Seniors painting program goes ahead thanks to the generosity of Cochranites

“It’s just so difficult with COVID. Our residents are so isolated and everyone is just getting to the point where they feel frustrated. It’s a beautiful thing the community has done for us and the residents are very grateful.”

COCHRANE – Thanks to the generosity of the Cochranites and the pottery painting studio Crock-a-Doodle, a painting program that was popular with the residents was carried out at Points West Living.

Shortly after COVID-19 swept the country, forcing organizations everywhere to change their operations, Points West’s Recreation Department reached out to the community to find people teaching virtual classes for residents, said Jessica Kraig, recreation manager at Points West Living.

“I had gotten quite a few responses from people about teaching virtual classes and Wendy [Maguire] had reached out because she saw it, ”said Kraig. “She mentioned that she would be able to turn in any supplies and anything we would need.”

Crock-a-Doodle is the service that provides the pottery and painting supplies for the program and even transports the finished products to and from a studio where the paint is put in an oven. Usually Maguire also comes to teach the class, which is not possible during the pandemic.

It’s a service Points West previously used for a ceramic painting program that residents of the facility really liked, but supplies are very expensive, especially for seniors who often have steady incomes.

“It’s quite expensive and it’s just not feasible for our residents to do this very often, and I had raised this concern to Wendy,” Kraig said.

At this point the Adopt-a-Senior program began.

Maguire, the owner of Crock-a-Doodle in the Royal Oak neighborhood of Calgary, made a public call to sponsor residents and provide them with the kits they would need to participate in the program.

The first call for sponsorship was for 12 kits that filled up quickly and Points West staff were able to expand the program to four more residents. After the first request was fulfilled, many more offers were received.

Kraig said they turned down the additional offers just in case they wanted to do another similar program in the future.

“We had a great response. We had way more than we needed, ”said Kraig. “After we were 16, I said, ‘Why don’t we wait if we do it again sometime?’ Just because we can’t have a large group or we have a really hard time helping them because they needed help with some paintings – everyone has different skills and abilities. “

Kraig said the staff had put a lot of thought into how they could help alleviate the isolation many residents are currently feeling, and this recent community friendliness is a lovely reminder that people outside of Points West are keeping residents in theirs Thoughts during this difficult time.

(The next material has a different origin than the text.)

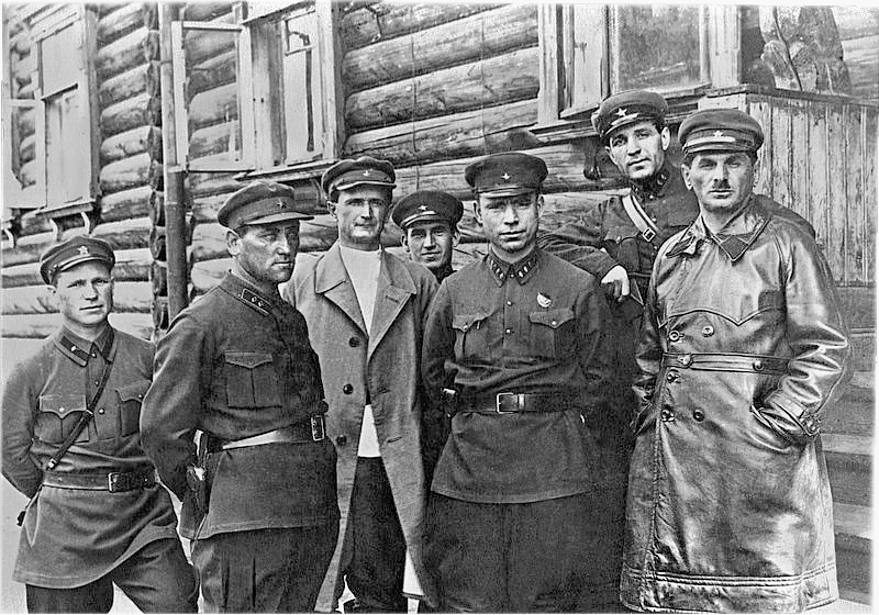 OGPU-chiefs responsible for construction of the White Sea - Baltic Canal, Right: Naftaly Frenkel, Center: Matvei Berman (head of the Gulag from 1932-1939), Left: Afanasev (Head of the southern part of BelBaltLag)

“It’s so difficult with COVID. Our residents are so isolated and everyone just gets to the point where they feel frustrated. It is something beautiful that the community did for us and the residents are very grateful, ”said Kraig. “Imagine you are in a place where you basically look at the same four walls every day and have nowhere to go. It’s a little different for us because we can go to a restaurant if we want or take a ride. Most of our residents have been very isolated over the past year. “

Kraig said she has already asked local residents when the projects will be returned and looks forward to seeing the fruits of their labor.

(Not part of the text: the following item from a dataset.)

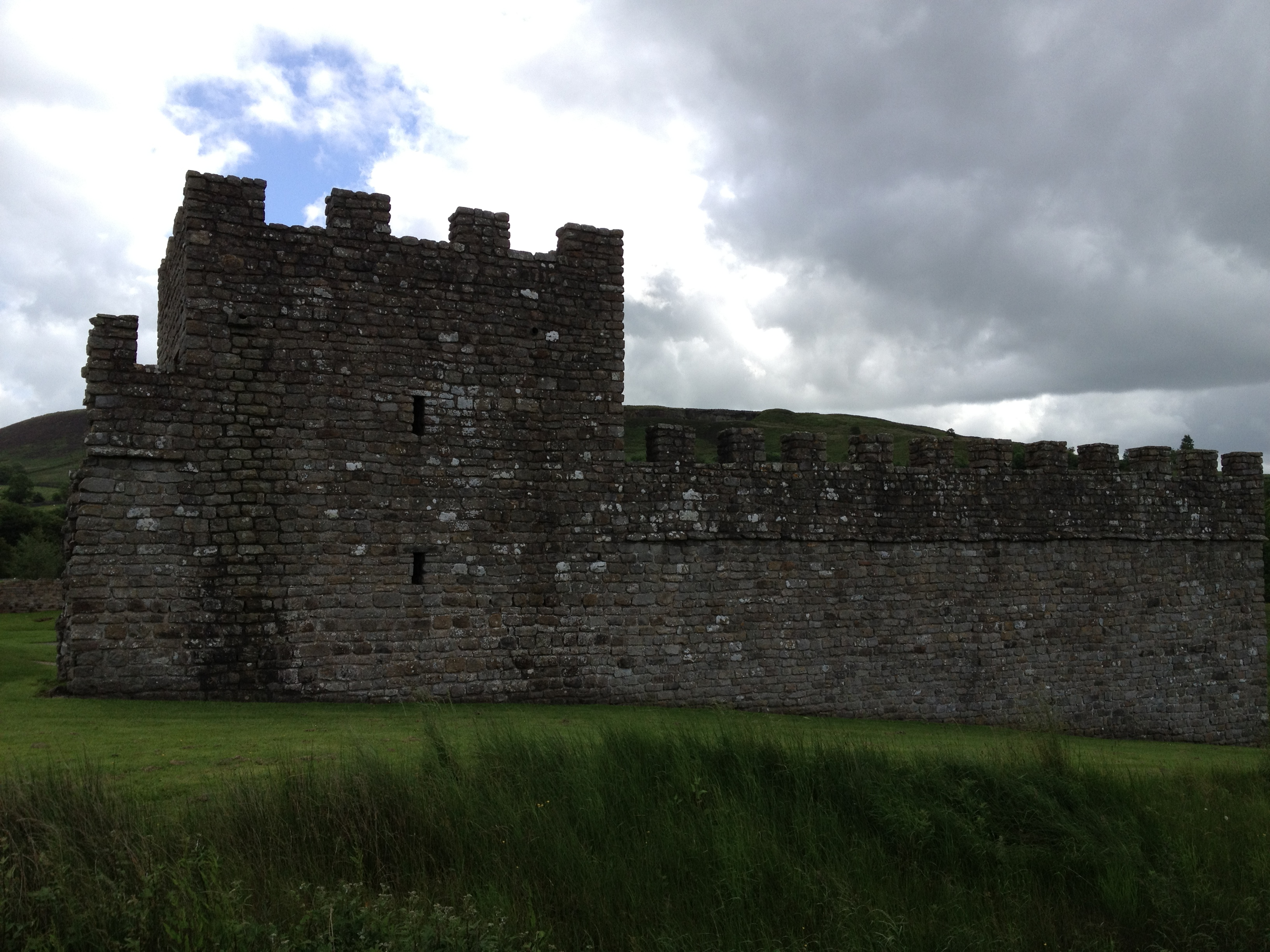 Context shot of Reconstruction Turret at Vindolanda including some of the reconstructed Hadrian's Wall

Despite running a Calgary-based company, Maguire lives in Cochrane, so she felt the need to help the city seniors.

“Over Christmas I saw all of Cochrane how great and wonderful everyone was, and I think every senior in Cochrane who was in a house basically got a wonderful Christmas donated gift,” said Maguire. “Everyone knew that they were all on their own and couldn’t have visitors, and I thought nothing really changed in that regard.”

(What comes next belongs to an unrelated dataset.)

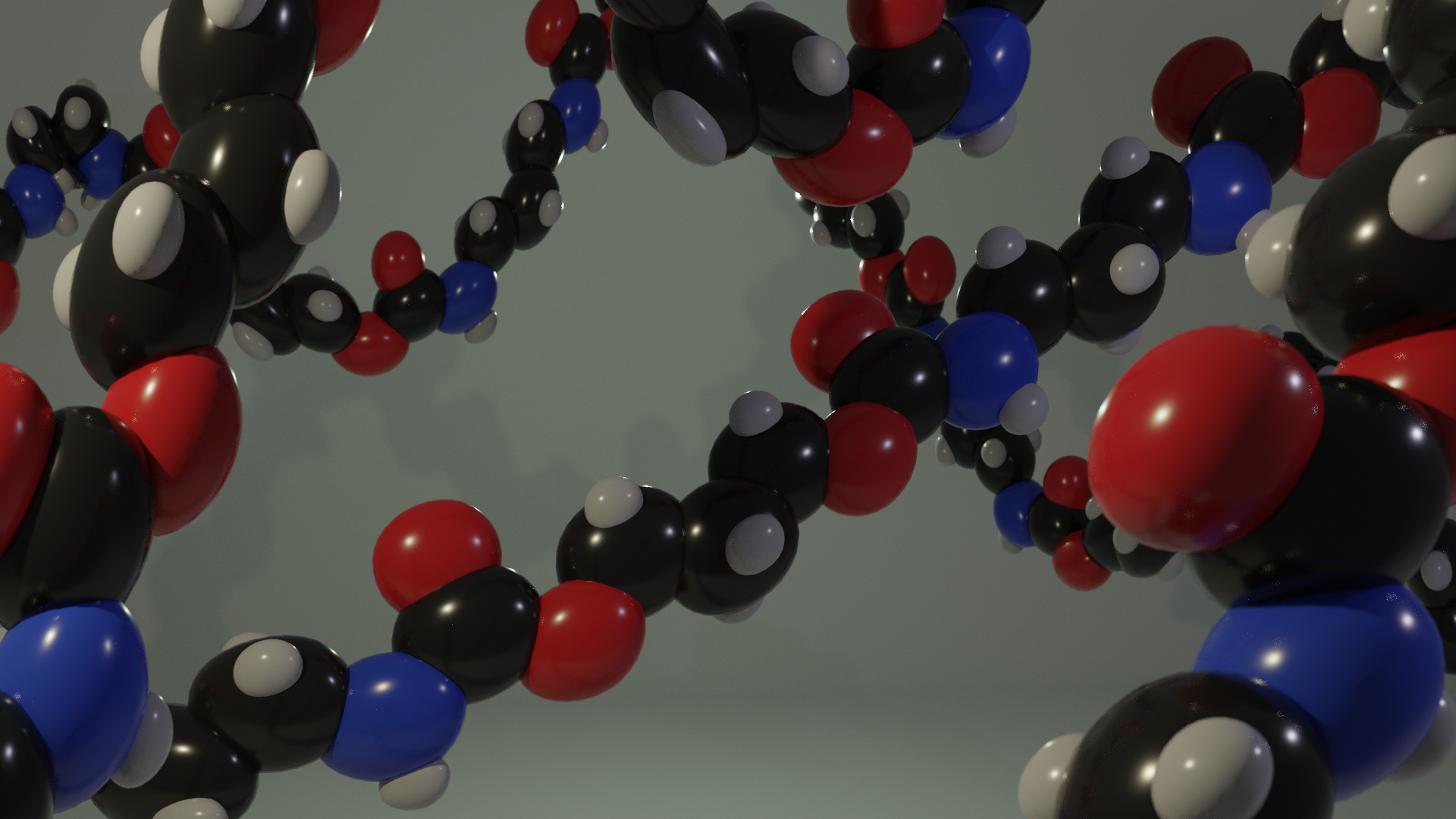 cartoon schematic of polymer macromolecules

Maguire said she saw firsthand the difference these fun projects can make for residents in terms of their mental health, wellbeing and confidence.

The community support that the Adopt-a-Senior program received has been inspiring and heartwarming, said Maguire.

“The community was amazing as they usually are. They gathered around them somehow, ”she said. “It was an outpouring. I didn’t know what to expect. “

Maguire said she loved the reaction she saw and wanted to send an invitation to the facilities of the other seniors in town to do something similar.